Characterization of novel Proteins by Analysis of Human Protein Networks:
Part1 - cloning of human full ORFs of novel proteins

Bernhard Korn
RZPD - Ressourcenzentrum für Genomforschung
INF 506
69120 Heidelberg
Germany
telephone: +49 (6221) 42 4700
fax: +49 (6221) 42 4704
email: korn@rzpd.de
prestype: Platform
presenter: Korn

R. Schatten¹, S. Henze¹, M. Schick¹, S. Wiemann², A. Gödde¹, H. Göhler³, E. Wanker³, B. Korn¹

1 RZPD ­ Ressourcenzentrum für Genomforschung, INF 506, 69120 Heidelberg, Germany
2 Deutsches Krebsforschungszentrum, INF 506, 69120 Heidelberg, Germany
3 Max-Planck Institut für Molekulare Genetik, Ihnestr. 73, 14195 Berlin, Germany

The sequencing of the human genome has resulted in the identification of a large number of novel proteins, whose function and interactions with other proteins have to be determined. We aim at the characterization of unknown proteins and the assignment of these proteins to particular pathways or multimeric structures. We apply a systematic, high throughput approach for functional analysis. We have developed an automated, medium throughput cloning and verification strategy that allows us to clone human full ORF cDNAs at a rate of 100 per week. Up to now, we have cloned and completely sequence verified more than 2.400 ORFs. We plan to clone 6.000 ORFs within the next year.
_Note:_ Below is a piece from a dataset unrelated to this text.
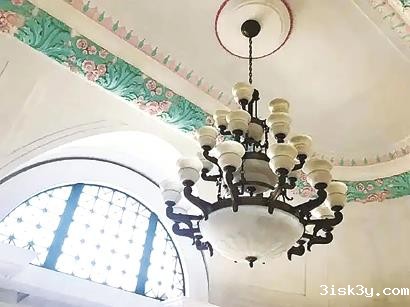 北苏州路入口处的旋转楼梯上,铜质的雕花和楼梯上的铜质防滑条,则依然是近百年前的旧物。天花板上的吊灯除了换掉几个灯泡外,也仍是1924年安装的那一盏。环绕着吊灯的被称为“奶油蛋糕”的粉红粉绿色石膏板吊顶花纹,则是从一层层后来被添加的白色涂料中剥离出来,按照当时颜色重新粉刷的。

These ORFs are so far not characterised on the functional level, except for computational predictions, many have been identified by the German cDNA Consortium. It is our intention to channel these clones to a medium size yeast two-hybrid system that allows the screening for protein-protein interactions. Within our current project, up to 5,000 defined human cDNAs will be inserted into a DNA binding domain vector for screens against different human cDNA libraries, cloned into activation domain vectors.

Special emphasis will be put on protein interactions with medically relevant proteins such as oncology related proteins, proteins involved in cardiovascular defects, and in neurodegenerative diseases. Protein-protein interactions will be confirmed by in vitro binding experiments, co-immunoprecipitations and co-localisation studies. Finally, the results of the two-hybrid screens and of the functional characterisations will be stored in the Primary Database at RZPD. With this novel systematic approach we will combine for the first time high quality sequence information with large-scale functional data in a common database. We suggest that this information will add value to newly identified genes and our overall understanding of protein networks. Finally, clones will be made available for public use via the RZPD.